Status Tata Perijinan Menurut UPTD KPHP GS

74

5.1.3.2 Status Tata Perijinan Menurut PEMDA

Berdasarkan hasil penelitian bahwa, dalam penguasaaan perkebunan kelapa oleh PEMDA seluas 411 Ha terdapat pola pemberian ijin kepada masyarakat dari PEMDA untuk melakukan pengelolaan kebun kelapa dengan sistem bagi hasil. Izin yang diberikan PEMDA kepada masyarakat sekitar adalah pemetikan buah kelapa yang kemudian diolah lebih lanjut untuk menjadi kopra. Proses pengolahan buah kelapa menjadi kopra terlihat pada gambar 12 merupakan tugas dari masyarakat lokal, sedangkan hasilnya dibagi antara PEMDA dan masyarakat yang diberi izin dengan pembagian hasil kopra dibagi dua. Gambar 12 Proses pengolahan buah kelapa menjadi kopra oleh masyarakat.
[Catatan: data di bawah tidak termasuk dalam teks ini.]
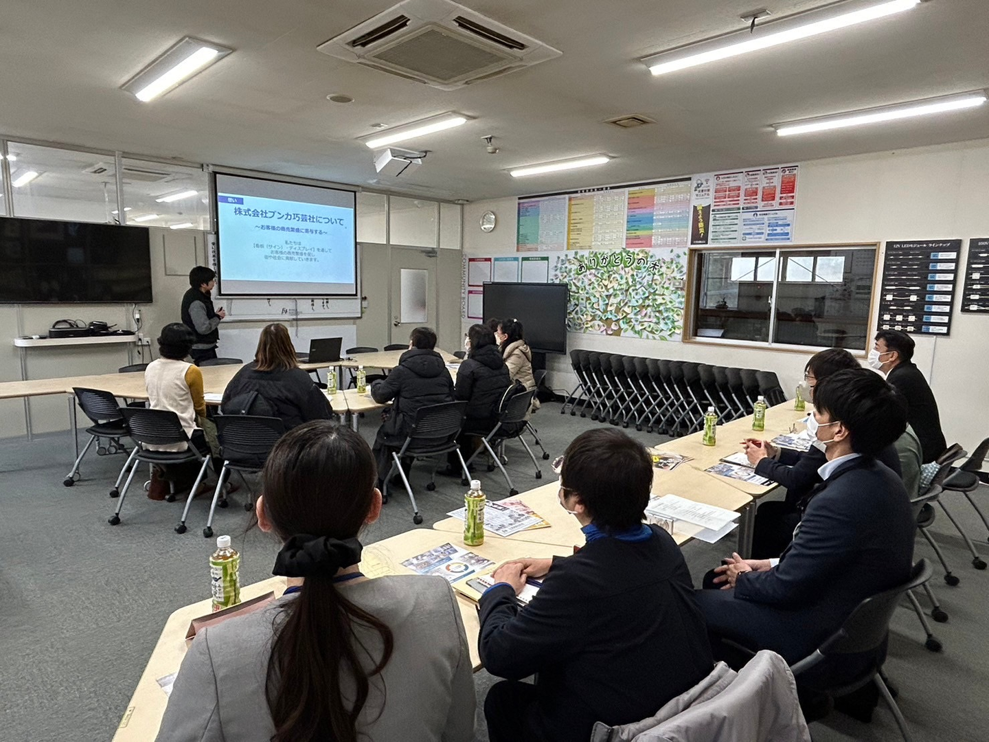 鹿児島市、ハローワークの職員の方々も含め、総勢11名に来社していただき、弊社の事業内容の説明や工場見学、弊社の女性従業員との意見交換をさせていただきました。

5.1.3.3 Status Tata Perijinan Menurut Masyarakat Lokal

Pembukaan hutan untuk membuat kebun baru harus melalaui suatu mekanisme minta izin berman yakni minta izin kepada pemilik kebun atau yang memberi tanda di hutan yang terdahulu. Prosesnya pertama: orang yang ingin membuka hutan untuk berkebun harus mencari tahu terlebih dahulu siapa yang sudah berkebun disekitar lokasi tersebut, atau mencari tau orang yang sudah memberi tanda di hutan untuk meminta izin berkebun di sebelahnya, Kedua: Pemilik kebun yang lebih duluan akan mengarahkan dimana yang bersangkutan boleh memulai membuka hutan dan dimana batas-batas kebun awal, Ketiga: Batas yang telah ditunjukan oleh pemilik kebun yang lebih dahulu dijadikan batas dan kearah lainnya, batas ditentukan oleh kemampuan orang kedua tadi, Keempat begitu selanjutnya orang ketiga yang ingin berkebun harus meminta izin ke orang 75 yang kedua tadi apabila ingin menyambung kebun yang telah diolahnya, sehingga tidak ada terjadi tumpang tindih lahan.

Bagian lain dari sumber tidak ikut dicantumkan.